On Mon, Oct 23, 2017 at 10:17 AM, Piotr Nowojski <pi...@data-artisans.com>
wrote:

> Till could you take a look at this?
>
> Piotrek
>
> On 18 Oct 2017, at 20:32, Jared Stehler <jared.stehler@
> intellifylearning.com> wrote:
>
> I’m having an issue where I’ve got logging setup and functioning for my
> flink-mesos deployment, and works fine up to a point (the same point every
> time) where it seems to fall back to “defaults” and loses all of my
> configured filtering.
>
> 2017-10-11 21:37:17.454 [flink-akka.actor.default-dispatcher-17] INFO
>  o.a.f.m.runtime.clusterframework.MesosFlinkResourceManager  -
> TaskManager taskmanager-00008 has started.
> 2017-10-11 21:37:17.454 [flink-akka.actor.default-dispatcher-16] INFO
>  org.apache.flink.runtime.instance.InstanceManager  - Registered
> TaskManager at ip-10-80-54-201 (akka.tcp://flink@ip-10-80-54-
> 201.us-west-2.compute.internal:31014/user/taskmanager) as
> 697add78bd00fe7dc6a7aa60bc8d75fb.
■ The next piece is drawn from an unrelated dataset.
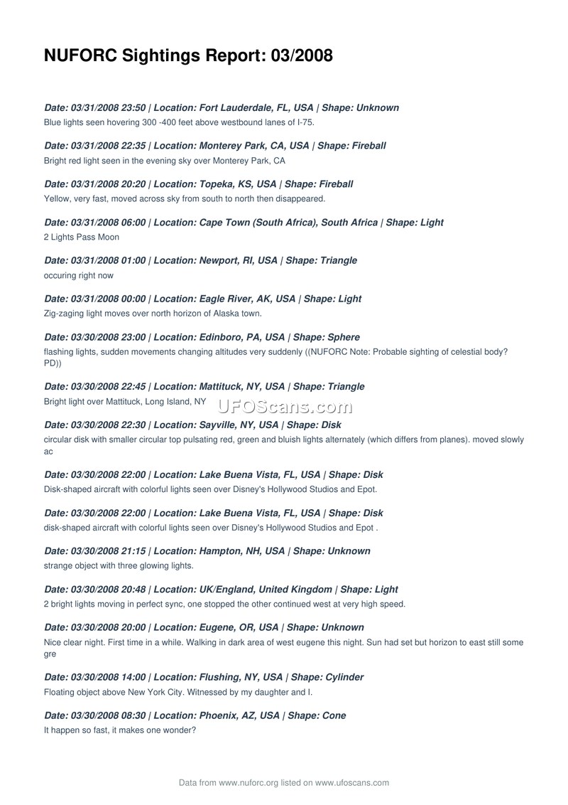 NUFORC Sightings Report: 03/2008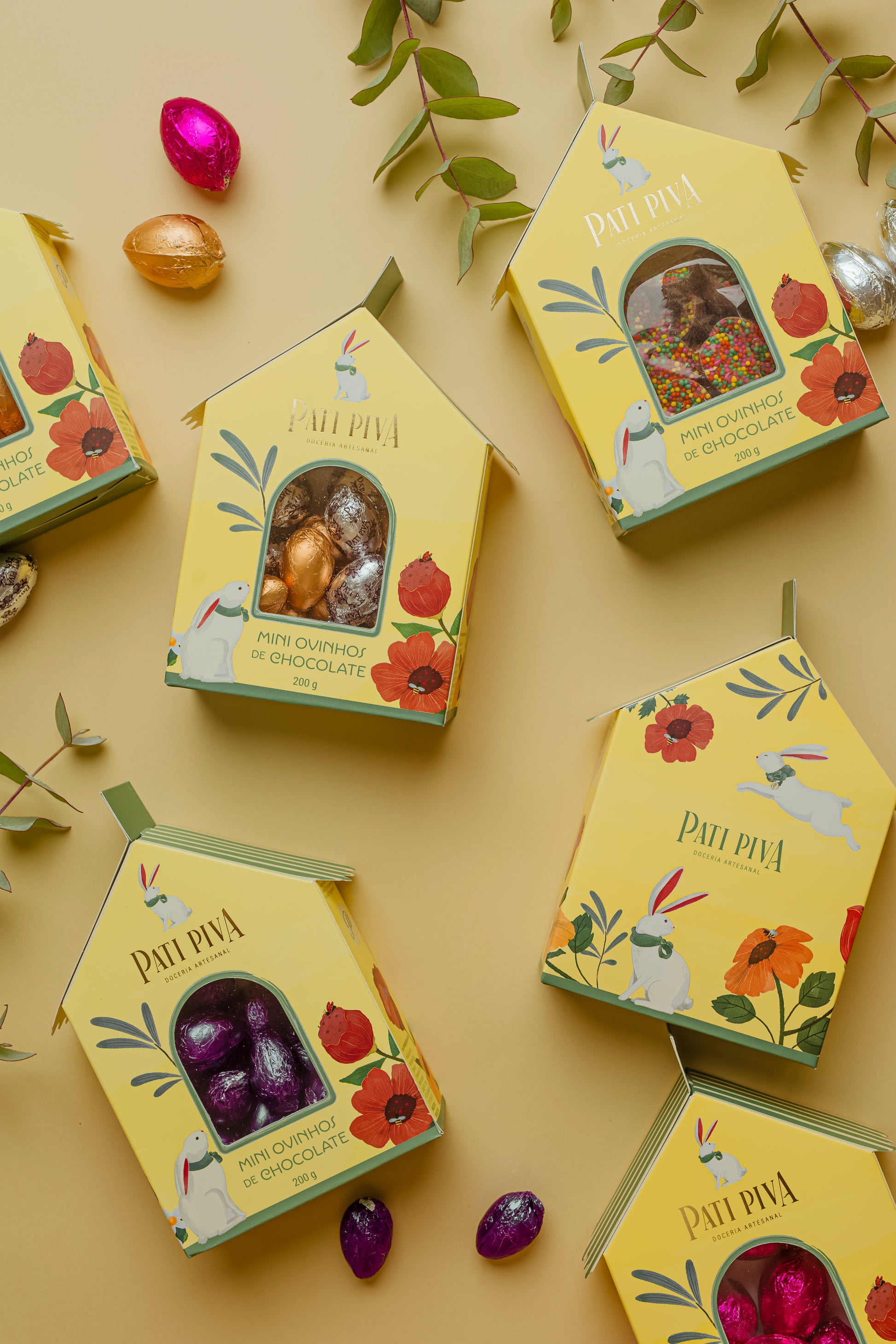 Em uma linda embalagem em formato de casinha, especialmente decorada para a data, ela traz mini ovinhos de chocolate ao leite cobertos com dragês de açúcar coloridos, que adicionam crocância e um toque alegre a cada mordida.

Current number of registered hosts is
> 39. Current number of alive task slots is 39.
> 2017-10-11 21:37:18.820 [flink-akka.actor.default-dispatcher-17] INFO
>  org.apache.flink.runtime.instance.InstanceManager  - Registered
> TaskManager at ip-10-80-54-201 (akka.tcp://flink@ip-10-80-54-
> 201.us-west-2.compute.internal:31018/user/taskmanager) as
> a6cff0f18d71aabfb3b112f5e2c36c2b. Current number of registered hosts is
> 40. Current number of alive task slots is 40.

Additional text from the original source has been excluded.